NSWP: Modeling Coronal Mass Ejection (CME) Initiation with Magnetic Flux Emergence

NSWP：模拟日冕物质抛射 (CME) 引发与磁通量的出现

• 批准号: 1023735
• 负责人: Ward Manchester
• 金额: $ 38.27万
• 依托单位: Regents of the University of Michigan - Ann Arbor
• 依托单位国家: 美国
• 项目类别: Continuing Grant
• 财政年份: 2010
• 资助国家: 美国
• 起止时间: 2010-10-01 至 2013-08-31
• 项目状态: 已结题
• 来源: https://www.nsf.gov/awardsearch/showAward?AWD_ID=1023735&HistoricalAwards=false
• 关键词: NSWP; Modeling; Coronal; Mass; Ejection

This research team will investigate the fundamental causes of coronal mass ejections (CMEs) using simulations of solar active region formation by flux emergence from the convection zone into the corona. To accomplish their goals, the team members will utilize a new magnetohydrodynamics (MHD) code being developed by the Center for Radiation Shock Hydrodynamics (CRASH) at the University of Michigan. This CRASH code adds radiation transport and advance treatment of the equation-of-state to the MHD capabilities of existing models developed at Michigan, and will allow the simulation of flux emergence from a turbulent convection zone to the corona in a single computational domain. The Principal Investigator of this project will incorporate this numerical flux emergence component in Michigan's Space Weather Modeling Framework, in order to couple the solar-active-region-scale model to a global-scale coronal model extending to the Earth. The model's predictions will be compared to observations made at different levels in the solar atmosphere, including plasma flow fields in the convection zone determined with helioseismology, flow fields in the corona determined with Dopplergrams, and magnetic fields measured at the photosphere with vector magnetographs.This new coupled modeling system will address a key National Space Weather Program objective by simulating magnetic flux emerging from the convection zone into the solar corona, erupting and then propagating as a CME into interplanetary space. It thus spans the space weather forecasting domain from Sun to Earth. This research will also support undergraduate and graduate education. Specifically, the requested funding will primarily support a graduate student, while research results will be incorporated into courses in the Department of Atmospheric, Ocean, and Space Science at the University of Michigan.

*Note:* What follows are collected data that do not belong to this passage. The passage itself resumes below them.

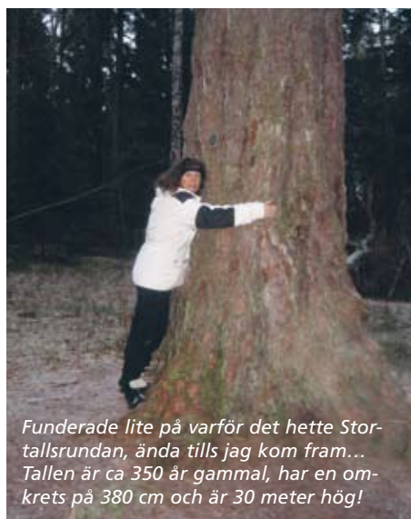
Funderade lite på varför det hette Stortallsrundan, ända tills jag kom fram... Tallen är ca 350 år gammal, har en omkrets på 380 cm och är 30 meter hög!

Vill man nöja sig med en kortare tur finns Råholmastigen, 2 km lång, längs Kyrkfjärdens innersta del. Även här hittar man en mycket trevlig rastplats med vindskydd och grill. Att utforska Bogesundslandet tar nog hela vintern!
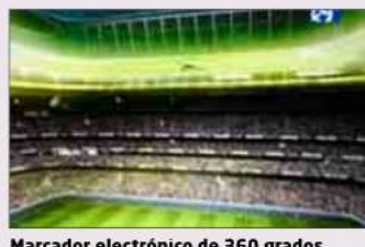
Marcador electrónico de 360 grados.
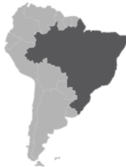
Zona di provenienza dell'Elegant Dune
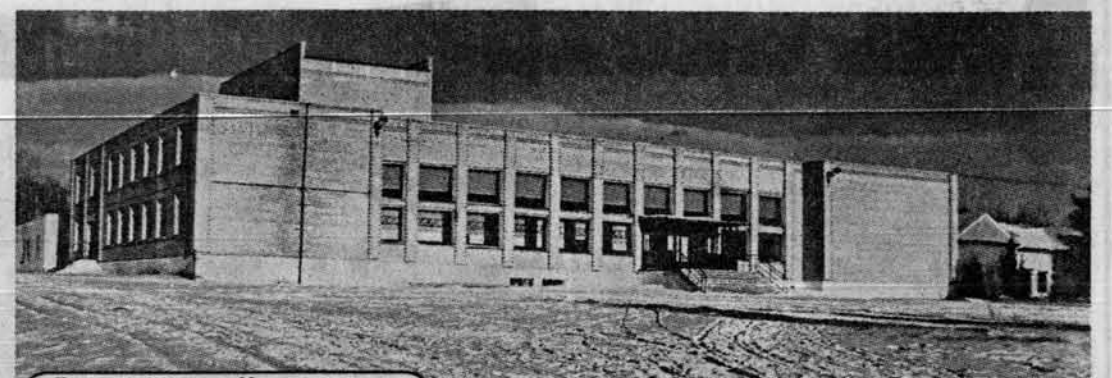
Дом культуры в Новошпунное.
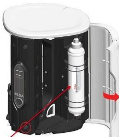
Cartuccia di pretrattamento
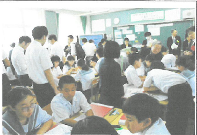
2組(総合的な学習の時間「整理・分析」)
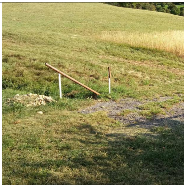
Cimetière du Castellard Barrière de signalment et de prévention du public détériorée en 2017 et à nouveau en 2018

该研究小组将通过模拟从对流区进入日冕的通量产生的太阳活动区形成来研究日冕物质抛射（CME）的根本原因。为了实现他们的目标，团队成员将利用密歇根大学辐射冲击流体动力学中心 (CRASH) 开发的新磁流体动力学 (MHD) 代码。该 CRASH 代码将辐射传输和状态方程的高级处理添加到密歇根开发的现有模型的 MHD 功能中，并将允许在单个计算域中模拟从湍流对流区到日冕的通量出现。该项目的首席研究员将把这个数值通量出现组件纳入密歇根州的空间天气模型框架中，以便将太阳活动区域尺度模型与延伸到地球的全球尺度日冕模型耦合起来。该模型的预测将与太阳大气中不同层面的观测结果进行比较，包括用日震学确定的对流区的等离子体流场、用多普勒图确定的日冕流场以及用矢量磁力图在光球层测量的磁场。这个新的耦合建模系统将通过模拟从对流区进入日冕的磁通量来实现国家空间天气计划的一个关键目标， 喷发，然后作为日冕物质抛射传播到行星际空间。因此，它跨越了从太阳到地球的空间天气预报领域。这项研究还将支持本科生和研究生教育。具体来说，所申请的资金将主要支持一名研究生，而研究成果将纳入密歇根大学大气、海洋和空间科学系的课程中。